© prspics
Author profile picture

Zahlreiche Menschen, die sich mit dem neuartigen Coronavirus SARS-CoV-2 infiziert haben und an COVID-19 erkrankt waren, klagen auch Wochen und sogar Monate nach ihrer eigentlichen Genesung noch über Folgeschäden wie Atemnot und mangelnde Fitness. Ob sich diese Schäden auf Dauer wieder beheben lassen, was bisher unklar. Ein Team der Innsbrucker Universitätsklinik für Innere Medizin II hat nun in einer Studie erstmals zeigen können, dass sich Lunge und auch Herz mit der Zeit wieder erholen können.

In dieser Studie untersuchten die Wissenschaftler 86 Patienten und Patientinnen zwischen 50 und 70 Jahren, die an der Uniklinik Innsbruck, im Krankenhaus Zams und im Reha-Zentrum Münster behandelt wurden. Knapp Dreiviertel der untersuchten Fälle waren Männer, etwa ebenso viele der Probanden waren übergewichtig bis adipös. Knapp die Hälfte waren ehemalige Raucher. Darüber hinaus hatte der größte Teil der Studienteilnehmer kardiovaskuläre Vorerkrankungen, Bluthochdruck, Diabetes oder Hypercholesterinämie.

„Überdurchschnittlich lange Genesungsphase“

Anhand spezifischer Tests wie Lungenfunktionstests, Echokardiographie und Untersuchungen der Lunge mittels Computertomographie (CT) überprüften die Wissenschaftler die Atemfähigkeit der Lunge und wie gut Sauerstoff durch die Atmung in die Lunge geleitet wird.

„55 Prozent der hospitalisierten COVID-19-PatientInnen zeigten auch sechs Wochen nach der Entlassung aus dem Krankenhaus anhaltende körperliche Beeinträchtigungen“, beschreibt Lungenspezialistin Judith Löffler-Ragg ein zentrales Ergebnis der Studie. An erster Stelle liege mit knapp 50 Prozent die Kurzatmigkeit bei Belastung, 15 Prozent der Betroffenen hätten über andauernden Husten geklagt. Die gute Nachriht ist aber, dass die untersuchten Patienten zwar eine „überdurchschnittlich lange“ Genesungsphase hätten, sich die Intensität der Beschwerden sich im Verlauf der Studie aber deutlich gebessert hätte.

Das Innsbrucker Studienteam, v.l.: Sabina Sahanic, Thomas Sonnweber, Klinikdirektor Günter Weiss, Judith Löffler-Ragg und Ivan Tancevski (Bild: D. Bullock)

In den CT-Untersuchungen zeigten 88 Prozent der Patienten noch sechs Wochen nach der Entlassung aus der Klinik „anhaltende leicht- bis mittelgradige strukturelle Veränderungen der Lunge“. Im Laufe der Zeit hätten sich diese bei den meisten Patienten aber zurückgebildet, sagen die Forscher. Derzeit gebe es daher keine Hinweise auf fortschreitende Lungenschäden, wie etwa zunehmende Vernarbungen. Allerdings sei auch noch nicht klar, „ob die Veränderungen in der Lunge und die damit verbundene Einschränkung der Lungenfunktion vollständig abklingen werden“. Dazu seien weitere Untersuchungen nötig.
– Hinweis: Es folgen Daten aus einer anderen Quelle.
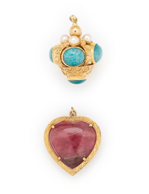 One pendant set with a heart shape cabochon rhodochrosite measuring approximately 24.50 x 24.50 mm, and the other pendant set with oval cabochon amazonite measuring approximately 11.00 x 9.00 mm and cultured pearls measuring approximately 5.00 - 5.25 mm. Yellow gold and 18 karat yellow gold. 1 1/4 x 1 1/8 inches. 1 1/4 x 1 inches.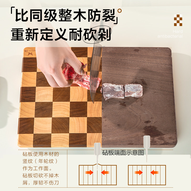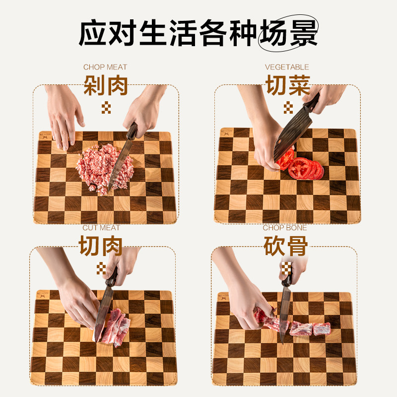 双枪棋盘格菜板家用抗菌防霉砧板相思实木特厚高贵切菜板水果案板

Strukturierte, lange Rehabilitation entscheidend

Als entscheidend für den Genesungsfortschritt nennen die Mediziner die engmaschige Anbindung des Studienzentrums an das Reha-Zentrum Münster, wo Intensivpatienten nachbetreut werden. Das mache auch den Mehrwert einer strukturierten, langandauernden Rehabilitation deutlich. „Wir konnten in unserer Langzeitstudie sehen, dass sich Patientinnen und Patienten nur langsam erholen. Erste Erfahrungen zeigen, dass die bei der Entlassung aus der Klinik diagnostizierten Beeinträchtigungen der Lungenfunktion durch eine langfristige und spezifische Rehabilitationstherapie deutlich verbessert werden können“, erklärt Sabina Sahanic aus dem Studienteam. „Entsprechend dürfte es sich bei einem Großteil der Lungenveränderungen um reversible Prozesse handeln.“

Die Innsbrucker Wissenschaftler werden den weiteren Genesungsverlauf der Studienteilnehmer nach sechs und nach zwölf Monaten durch Nachfolgeuntersuchungen analysieren.

Die entscheidenden Ergebnisse der Studie wurden am gestrigen Montag als „late breaking news“ beim Kongress der European Respiratory Society (ERS) präsentiert.